• What is needed
This calls for a word-for-word copy of all the data, with each picture removed.

• Information shown
○ ○ ○ ○
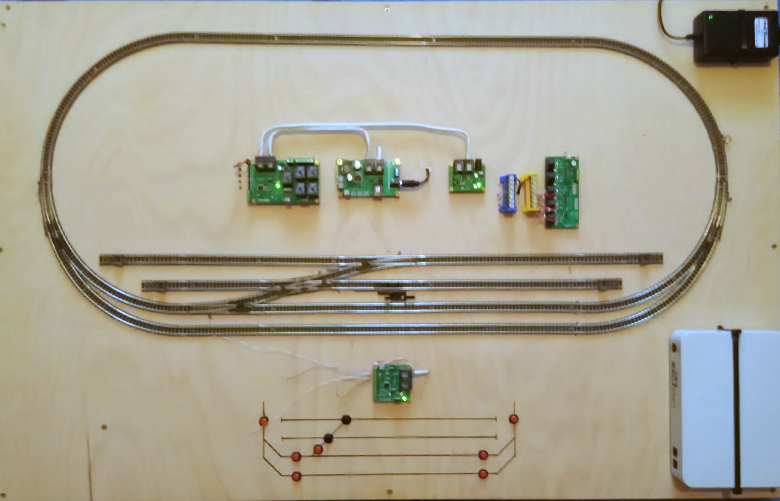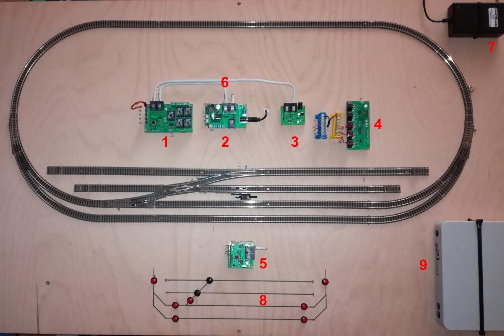 5) Panelový dekodér. K němu lze připojit až 16 tlačítek pro ovládání všeho. Tenhle modul je opravdový majstrštyk. Pro každý ze 16 vstupů lze naprogramovat co znamená, jestli je spínán tlačítkem či vypínačem a co má udělat. Jedná se o spoustu možností. Já ho v této sestavě používám pro volbu jízdních cest a přestavování výhybek. Do každého dekodéru je možno naprogramovat 12 jízdních cest ovládaných až 24 tlačítky (pokud tedy tlačítku dáte samostatnou adresu - může totiž být klidně připojeno i k jinému dekodéru). Pak je ovládání možné zapojit jako skutečnou reléovku - klasické počáteční a koncové tlačítko. Z pohledu na kolejové schéma asi je asi patrné, jak to myslím - jsou to ta červená tlačítka. Pak tam mám ještě ta dvě černá, která budou zapojena pro přestavení výhybky do opačné polohy, než ve které je teď. Samozřejmě lze výhybku ovládat i dvěma tlačítky (klasicky přímý / vedlejší směr) nebo standardním páčkovým přepínačem. K dekodéru lze připojit i LED diody u kterých se nastaví kdy, jak a jak moc (odpadá tedy používání rezistorů) mají svítit. Smysl jejich použití asi tuší každý.
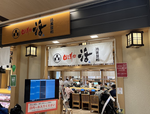 Seems to be a very popular kaiten (moving-track) sushi place with about 30 seats around the main counter and some booths. The booths might be okay for lunchtime conversation, but it looks like they're hard to get. There's a computerized seat reservation system by the door, though I don't really understand the purpose. You can see who's waiting ahead of you in the chairs, and there's no way to make a reservation for later. Also, I couldn't see any way to reserve one of those booths.
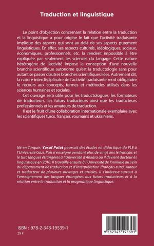 Cet ouvrage, fruit d'une collaboration internationale exemplaire avec les scientifiques turcs, français, roumains et ukrainiens, sera utile pour les traductologues, les formateurs de traducteurs, les futurs traducteurs ainsi que les traducteurs professionnels et les amateurs de traduction.
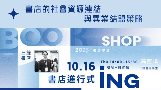【書店的社會資源連結與異業結盟策略】feat.鍾尚樺(三餘書店店主) 發佈日期: 2025 年 12 月 31 日 作者: Manager 分類: 書店學堂標籤: 2025書店學堂、三餘書店、鍾尚樺 #三餘書店 近期和 #高雄市立圖書館 合作「高雄市立圖書館獨書時光」是高雄市立圖書館過往曾舉辦的一系列講座活動,邀請高雄在地老字號書店的創辦人或二代經營者分享書店故事與文化。參與享讀福爾摩沙創新書市,以及結合民間企業的資源等,皆讓三餘有更多的能量舉辧不同活動,促使更多民眾參與。 這堂講座由三餘書店店主尚樺分享,希望激盪書店經營者更多想法,能連結更多社會資源,發揮更大影響力。
○ ○ ○ ○
• Written reply
 5) Panelový dekodér. K němu lze připojit až 16 tlačítek pro ovládání všeho. Tenhle modul je opravdový majstrštyk. Pro každý ze 16 vstupů lze naprogramovat co znamená, jestli je spínán tlačítkem či vypínačem a co má udělat. Jedná se o spoustu možností. Já ho v této sestavě používám pro volbu jízdních cest a přestavování výhybek. Do každého dekodéru je možno naprogramovat 12 jízdních cest ovládaných až 24 tlačítky (pokud tedy tlačítku dáte samostatnou adresu - může totiž být klidně připojeno i k jinému dekodéru). Pak je ovládání možné zapojit jako skutečnou reléovku - klasické počáteční a koncové tlačítko. Z pohledu na kolejové schéma asi je asi patrné, jak to myslím - jsou to ta červená tlačítka. Pak tam mám ještě ta dvě černá, která budou zapojena pro přestavení výhybky do opačné polohy, než ve které je teď. Samozřejmě lze výhybku ovládat i dvěma tlačítky (klasicky přímý / vedlejší směr) nebo standardním páčkovým přepínačem. K dekodéru lze připojit i LED diody u kterých se nastaví kdy, jak a jak moc (odpadá tedy používání rezistorů) mají svítit. Smysl jejich použití asi tuší každý.
 Seems to be a very popular kaiten (moving-track) sushi place with about 30 seats around the main counter and some booths. The booths might be okay for lunchtime conversation, but it looks like they're hard to get. There's a computerized seat reservation system by the door, though I don't really understand the purpose. You can see who's waiting ahead of you in the chairs, and there's no way to make a reservation for later. Also, I couldn't see any way to reserve one of those booths.
 Cet ouvrage, fruit d'une collaboration internationale exemplaire avec les scientifiques turcs, français, roumains et ukrainiens, sera utile pour les traductologues, les formateurs de traducteurs, les futurs traducteurs ainsi que les traducteurs professionnels et les amateurs de traduction.
【書店的社會資源連結與異業結盟策略】feat.鍾尚樺(三餘書店店主) 發佈日期: 2025 年 12 月 31 日 作者: Manager 分類: 書店學堂標籤: 2025書店學堂、三餘書店、鍾尚樺 #三餘書店 近期和 #高雄市立圖書館 合作「高雄市立圖書館獨書時光」是高雄市立圖書館過往曾舉辦的一系列講座活動,邀請高雄在地老字號書店的創辦人或二代經營者分享書店故事與文化。參與享讀福爾摩沙創新書市,以及結合民間企業的資源等,皆讓三餘有更多的能量舉辧不同活動,促使更多民眾參與。 這堂講座由三餘書店店主尚樺分享,希望激盪書店經營者更多想法,能連結更多社會資源,發揮更大影響力。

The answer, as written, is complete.